Riwayat Korupsi di DPR
Kasus korupsi di DPR bukanlah hal baru. Sepanjang sejarahnya, banyak anggota DPR yang terjerat kasus korupsi. Contohnya adalah Azis Syamsuddin, mantan Wakil Ketua DPR yang ditahan karena menyuap penyidik KPK. Selain itu, Setya Novanto, mantan Ketua DPR, juga terbukti bersalah dalam kasus korupsi pengadaan KTP-el. Hal ini menunjukkan bahwa korupsi di DPR adalah masalah sistemik yang melibatkan berbagai pihak, termasuk pimpinan dan anggota DPR.
Faktor Penyebab Korupsi di DPR
Menurut Lucius Karus, salah satu faktor penyebab korupsi di DPR adalah integritas diri yang lemah sejak awal. Anggota DPR dengan integritas rendah mudah memanfaatkan peluang untuk memperkaya diri atau bersekongkol dengan orang lain demi keuntungan kelompok. Selain itu, kewenangan DPR yang besar di bidang anggaran juga menjadi celah yang sering dimanfaatkan untuk korupsi. Kuasa mereka atas informasi terkait anggaran negara beserta program dan proyek yang akan dikerjakan pemerintah kerap menjadi instrumen bagi terjadinya korupsi.

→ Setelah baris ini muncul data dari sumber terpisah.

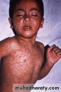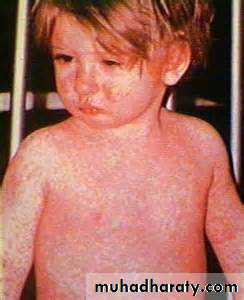 Catarrhal stage:2 days of fever, running nose, red eyes, then photophobia and koplik’s spots

Harapan untuk Masa Depan DPR
Meskipun kasus korupsi terus terjadi, harapan tetap ada. Ketua sementara KPK Nawawi Pomolango berharap agar anggota DPR 2024-2029 menjadi wakil rakyat yang berintegritas baik dan tidak akan ada praktik korupsi lagi. Namun, pesimisme juga muncul dari beberapa ahli, seperti Zainal Arifin Mochtar, yang meragukan kemampuan DPR periode berikutnya untuk menghentikan kecenderungan koruptif. Ia menilai dukungan pemerintah terhadap aparat penegak hukum sangat penting untuk memberantas korupsi di DPR.